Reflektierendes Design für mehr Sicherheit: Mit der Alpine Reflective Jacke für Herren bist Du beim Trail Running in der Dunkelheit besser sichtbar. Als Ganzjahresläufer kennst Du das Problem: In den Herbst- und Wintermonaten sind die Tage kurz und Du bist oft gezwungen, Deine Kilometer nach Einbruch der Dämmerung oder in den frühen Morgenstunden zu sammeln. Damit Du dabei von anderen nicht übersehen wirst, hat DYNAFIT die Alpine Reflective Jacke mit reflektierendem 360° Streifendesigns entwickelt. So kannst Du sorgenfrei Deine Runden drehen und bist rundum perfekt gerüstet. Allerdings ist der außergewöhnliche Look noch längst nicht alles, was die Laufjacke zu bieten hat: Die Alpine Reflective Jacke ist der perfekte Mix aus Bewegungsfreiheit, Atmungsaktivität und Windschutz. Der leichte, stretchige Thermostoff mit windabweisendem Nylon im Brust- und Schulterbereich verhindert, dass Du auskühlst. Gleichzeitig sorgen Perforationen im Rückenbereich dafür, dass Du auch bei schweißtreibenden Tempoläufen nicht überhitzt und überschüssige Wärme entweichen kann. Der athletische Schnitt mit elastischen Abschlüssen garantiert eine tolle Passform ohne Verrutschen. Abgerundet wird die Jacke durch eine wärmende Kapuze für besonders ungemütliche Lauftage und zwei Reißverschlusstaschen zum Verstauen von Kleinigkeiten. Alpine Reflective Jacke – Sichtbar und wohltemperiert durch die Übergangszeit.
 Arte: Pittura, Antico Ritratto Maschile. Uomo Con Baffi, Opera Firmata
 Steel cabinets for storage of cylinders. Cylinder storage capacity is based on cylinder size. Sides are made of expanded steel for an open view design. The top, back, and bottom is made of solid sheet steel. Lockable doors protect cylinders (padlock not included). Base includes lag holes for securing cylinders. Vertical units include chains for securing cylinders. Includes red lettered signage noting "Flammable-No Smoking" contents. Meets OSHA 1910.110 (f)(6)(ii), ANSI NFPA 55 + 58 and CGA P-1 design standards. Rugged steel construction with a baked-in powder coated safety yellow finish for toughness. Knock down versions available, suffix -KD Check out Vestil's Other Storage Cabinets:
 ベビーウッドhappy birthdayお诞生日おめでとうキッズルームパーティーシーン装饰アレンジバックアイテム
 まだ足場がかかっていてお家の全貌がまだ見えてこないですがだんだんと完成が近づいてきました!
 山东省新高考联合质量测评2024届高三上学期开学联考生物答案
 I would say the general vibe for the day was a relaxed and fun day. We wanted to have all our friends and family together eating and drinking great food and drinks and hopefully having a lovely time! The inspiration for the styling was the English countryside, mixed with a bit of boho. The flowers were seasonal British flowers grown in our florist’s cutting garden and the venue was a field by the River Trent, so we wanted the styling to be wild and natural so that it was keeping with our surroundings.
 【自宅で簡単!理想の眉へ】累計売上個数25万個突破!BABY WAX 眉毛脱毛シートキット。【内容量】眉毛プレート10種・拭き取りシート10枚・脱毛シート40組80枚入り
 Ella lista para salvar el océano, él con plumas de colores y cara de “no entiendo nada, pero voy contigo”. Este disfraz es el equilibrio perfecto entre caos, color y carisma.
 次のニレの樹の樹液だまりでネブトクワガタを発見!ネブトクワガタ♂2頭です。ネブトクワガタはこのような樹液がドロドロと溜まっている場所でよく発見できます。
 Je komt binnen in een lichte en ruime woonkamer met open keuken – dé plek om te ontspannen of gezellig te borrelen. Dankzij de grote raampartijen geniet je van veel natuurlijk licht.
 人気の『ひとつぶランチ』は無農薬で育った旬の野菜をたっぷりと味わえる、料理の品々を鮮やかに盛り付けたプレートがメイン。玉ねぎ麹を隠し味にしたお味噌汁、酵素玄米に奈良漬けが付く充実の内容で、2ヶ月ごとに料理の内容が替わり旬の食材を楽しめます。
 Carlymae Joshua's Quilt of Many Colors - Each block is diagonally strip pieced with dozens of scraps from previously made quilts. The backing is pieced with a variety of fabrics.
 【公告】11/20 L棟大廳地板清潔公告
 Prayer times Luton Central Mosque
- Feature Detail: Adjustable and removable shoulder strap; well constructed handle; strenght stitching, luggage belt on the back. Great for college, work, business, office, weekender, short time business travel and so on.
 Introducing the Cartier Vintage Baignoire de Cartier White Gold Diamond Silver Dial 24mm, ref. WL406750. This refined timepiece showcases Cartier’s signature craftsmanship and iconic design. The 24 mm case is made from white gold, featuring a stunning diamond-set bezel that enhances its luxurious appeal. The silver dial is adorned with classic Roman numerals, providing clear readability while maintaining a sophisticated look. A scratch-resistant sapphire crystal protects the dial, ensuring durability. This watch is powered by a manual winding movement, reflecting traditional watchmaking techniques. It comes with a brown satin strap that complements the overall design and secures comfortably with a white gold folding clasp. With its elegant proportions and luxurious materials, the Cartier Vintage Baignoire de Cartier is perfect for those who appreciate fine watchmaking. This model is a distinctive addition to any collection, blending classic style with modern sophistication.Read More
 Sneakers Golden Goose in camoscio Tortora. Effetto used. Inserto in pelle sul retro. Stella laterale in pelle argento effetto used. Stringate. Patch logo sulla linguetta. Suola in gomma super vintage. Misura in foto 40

:: The problem ::
Whatever the entries above contain, reproduce all of them exactly.

:: Answer space ::
Reflektierendes Design für mehr Sicherheit: Mit der Alpine Reflective Jacke für Herren bist Du beim Trail Running in der Dunkelheit besser sichtbar. Als Ganzjahresläufer kennst Du das Problem: In den Herbst- und Wintermonaten sind die Tage kurz und Du bist oft gezwungen, Deine Kilometer nach Einbruch der Dämmerung oder in den frühen Morgenstunden zu sammeln. Damit Du dabei von anderen nicht übersehen wirst, hat DYNAFIT die Alpine Reflective Jacke mit reflektierendem 360° Streifendesigns entwickelt. So kannst Du sorgenfrei Deine Runden drehen und bist rundum perfekt gerüstet. Allerdings ist der außergewöhnliche Look noch längst nicht alles, was die Laufjacke zu bieten hat: Die Alpine Reflective Jacke ist der perfekte Mix aus Bewegungsfreiheit, Atmungsaktivität und Windschutz. Der leichte, stretchige Thermostoff mit windabweisendem Nylon im Brust- und Schulterbereich verhindert, dass Du auskühlst. Gleichzeitig sorgen Perforationen im Rückenbereich dafür, dass Du auch bei schweißtreibenden Tempoläufen nicht überhitzt und überschüssige Wärme entweichen kann. Der athletische Schnitt mit elastischen Abschlüssen garantiert eine tolle Passform ohne Verrutschen. Abgerundet wird die Jacke durch eine wärmende Kapuze für besonders ungemütliche Lauftage und zwei Reißverschlusstaschen zum Verstauen von Kleinigkeiten. Alpine Reflective Jacke – Sichtbar und wohltemperiert durch die Übergangszeit.
 Arte: Pittura, Antico Ritratto Maschile. Uomo Con Baffi, Opera Firmata
 Steel cabinets for storage of cylinders. Cylinder storage capacity is based on cylinder size. Sides are made of expanded steel for an open view design. The top, back, and bottom is made of solid sheet steel. Lockable doors protect cylinders (padlock not included). Base includes lag holes for securing cylinders. Vertical units include chains for securing cylinders. Includes red lettered signage noting "Flammable-No Smoking" contents. Meets OSHA 1910.110 (f)(6)(ii), ANSI NFPA 55 + 58 and CGA P-1 design standards. Rugged steel construction with a baked-in powder coated safety yellow finish for toughness. Knock down versions available, suffix -KD Check out Vestil's Other Storage Cabinets:
 ベビーウッドhappy birthdayお诞生日おめでとうキッズルームパーティーシーン装饰アレンジバックアイテム
 まだ足場がかかっていてお家の全貌がまだ見えてこないですがだんだんと完成が近づいてきました!
 山东省新高考联合质量测评2024届高三上学期开学联考生物答案
 I would say the general vibe for the day was a relaxed and fun day. We wanted to have all our friends and family together eating and drinking great food and drinks and hopefully having a lovely time! The inspiration for the styling was the English countryside, mixed with a bit of boho. The flowers were seasonal British flowers grown in our florist’s cutting garden and the venue was a field by the River Trent, so we wanted the styling to be wild and natural so that it was keeping with our surroundings.
 【自宅で簡単!理想の眉へ】累計売上個数25万個突破!BABY WAX 眉毛脱毛シートキット。【内容量】眉毛プレート10種・拭き取りシート10枚・脱毛シート40組80枚入り
 Ella lista para salvar el océano, él con plumas de colores y cara de “no entiendo nada, pero voy contigo”. Este disfraz es el equilibrio perfecto entre caos, color y carisma.
 次のニレの樹の樹液だまりでネブトクワガタを発見!ネブトクワガタ♂2頭です。ネブトクワガタはこのような樹液がドロドロと溜まっている場所でよく発見できます。
 Je komt binnen in een lichte en ruime woonkamer met open keuken – dé plek om te ontspannen of gezellig te borrelen. Dankzij de grote raampartijen geniet je van veel natuurlijk licht.
 人気の『ひとつぶランチ』は無農薬で育った旬の野菜をたっぷりと味わえる、料理の品々を鮮やかに盛り付けたプレートがメイン。玉ねぎ麹を隠し味にしたお味噌汁、酵素玄米に奈良漬けが付く充実の内容で、2ヶ月ごとに料理の内容が替わり旬の食材を楽しめます。
 Carlymae Joshua's Quilt of Many Colors - Each block is diagonally strip pieced with dozens of scraps from previously made quilts. The backing is pieced with a variety of fabrics.
 【公告】11/20 L棟大廳地板清潔公告
 Prayer times Luton Central Mosque
- Feature Detail: Adjustable and removable shoulder strap; well constructed handle; strenght stitching, luggage belt on the back. Great for college, work, business, office, weekender, short time business travel and so on.
 Introducing the Cartier Vintage Baignoire de Cartier White Gold Diamond Silver Dial 24mm, ref. WL406750. This refined timepiece showcases Cartier’s signature craftsmanship and iconic design. The 24 mm case is made from white gold, featuring a stunning diamond-set bezel that enhances its luxurious appeal. The silver dial is adorned with classic Roman numerals, providing clear readability while maintaining a sophisticated look. A scratch-resistant sapphire crystal protects the dial, ensuring durability. This watch is powered by a manual winding movement, reflecting traditional watchmaking techniques. It comes with a brown satin strap that complements the overall design and secures comfortably with a white gold folding clasp. With its elegant proportions and luxurious materials, the Cartier Vintage Baignoire de Cartier is perfect for those who appreciate fine watchmaking. This model is a distinctive addition to any collection, blending classic style with modern sophistication.Read More
 Sneakers Golden Goose in camoscio Tortora. Effetto used. Inserto in pelle sul retro. Stella laterale in pelle argento effetto used. Stringate. Patch logo sulla linguetta. Suola in gomma super vintage. Misura in foto 40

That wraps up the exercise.